Items listed in a dataset
***

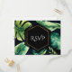 Carte de réponse de mariage élégant noir avec feuilles tropicales vertes. Articles assortis disponibles.
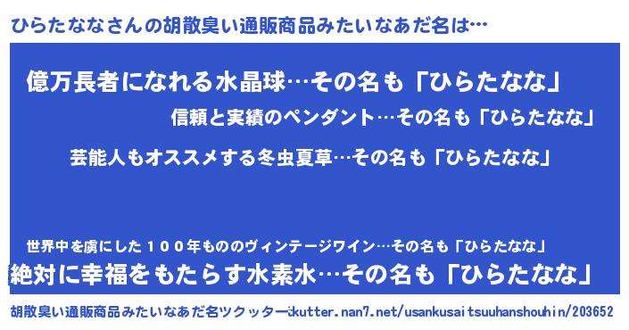 | ヘコむあだ名 | 『ひらもー』『ひらたなな(笑)』 |
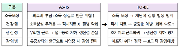 생산성 손실 방지: 아픈 근로자가 무리하게 근로할 때 발생되는 생산성 손실을 예방합니다.
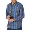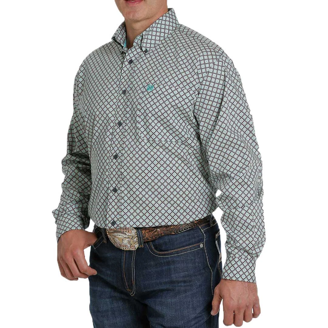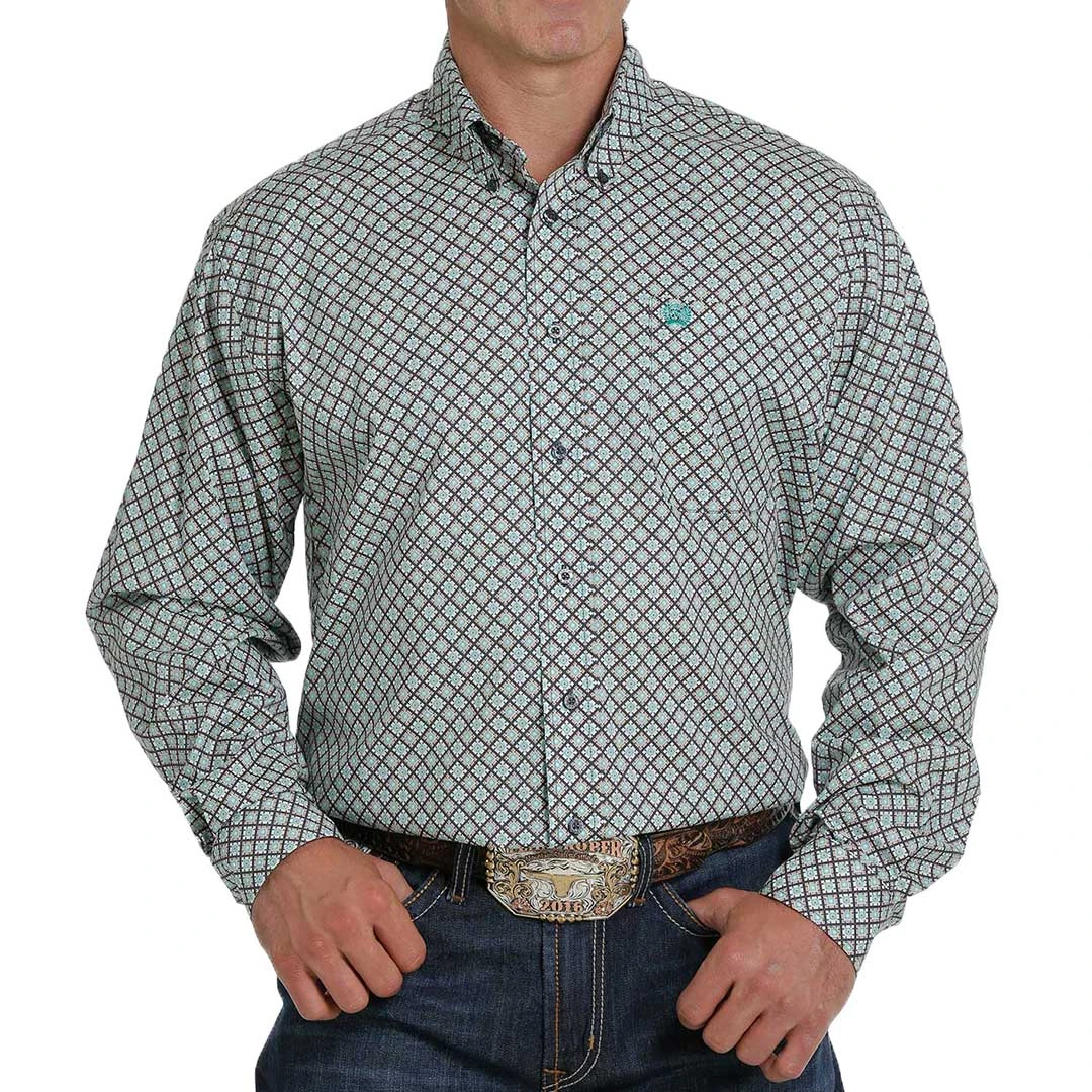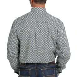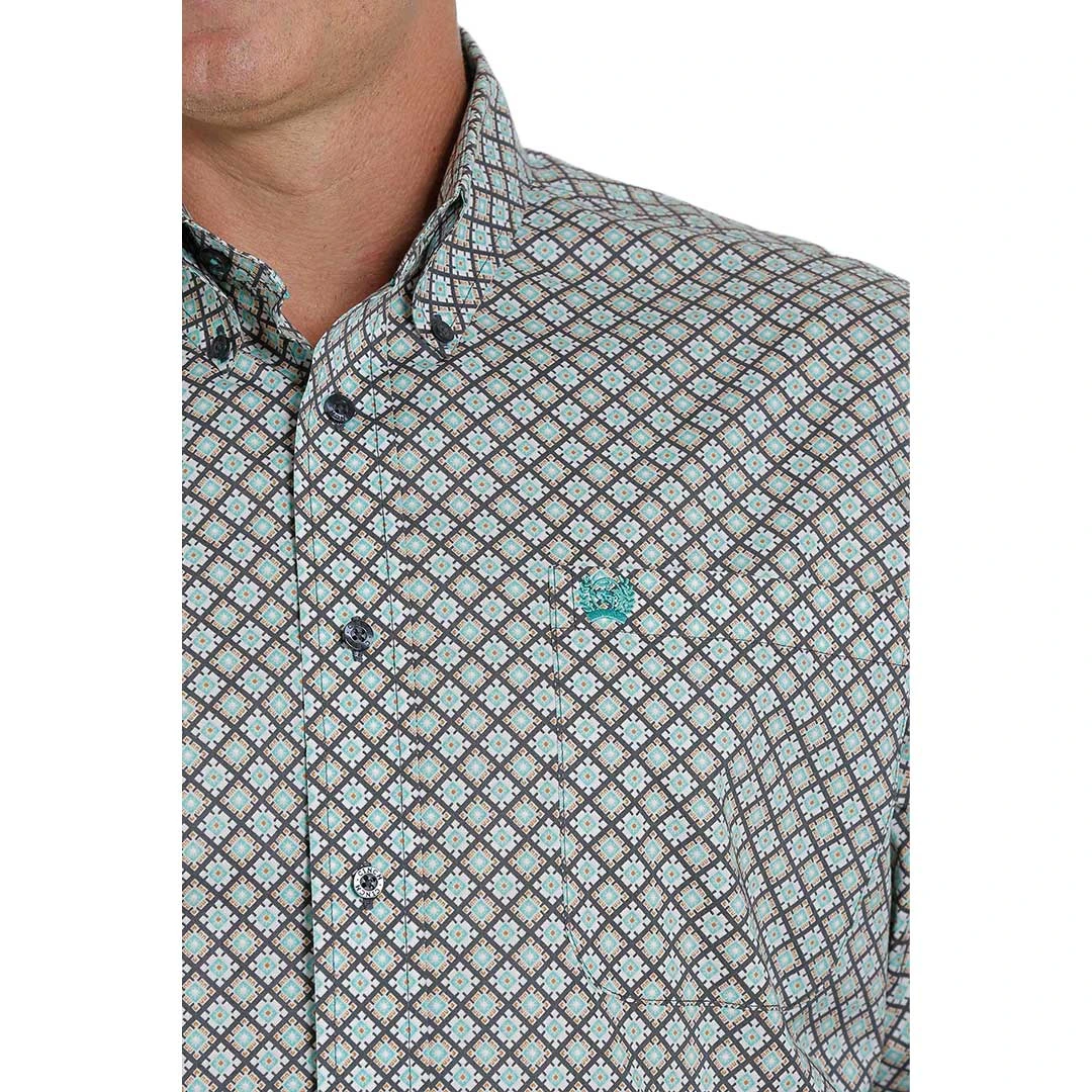 From Cinch, this western style turquoise and grey geometric print long sleeve shirt features a button-down collar, single left chest pocket with logo embroidery, straight back yoke with pleat and charcoal buttons.
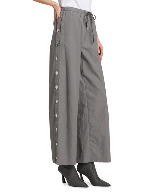 Cut to a wide-leg silhouette, L'AGENCE's Valkyrie pants are styled with a drawstring waistband and side snap closures. Drawstring waistband Side slip pockets 100% nylon Dry clean Imported SIZE & FIT Rise: about 10.25" Inseam: about 31.5" Model measurements: 5'10" tall Model is wearing a US size Small ABOUT THE BRAND Founded in 2008, L'Agence marries Southern California ease with chic Parisian style. Using luxurious fabrics, the Los Angeles-based label delivers feminine collections that are both timeless and versatile. In 2015, the label launched a denim line in a range of sleek, impeccably tailored cuts. Contemporary Sportswear - Workshop > L'agence > Saks Fifth Avenue. L'AGENCE. Color: Medium Grey. Size: XS.

***

### [Instructions for the task]
Leaving every picture aside, reproduce exactly the lines above from the one with "생산성 손실 방지: 아픈" up to and including the one with "From Cinch, this", and no others.

### [Output below]
 생산성 손실 방지: 아픈 근로자가 무리하게 근로할 때 발생되는 생산성 손실을 예방합니다.
 From Cinch, this western style turquoise and grey geometric print long sleeve shirt features a button-down collar, single left chest pocket with logo embroidery, straight back yoke with pleat and charcoal buttons.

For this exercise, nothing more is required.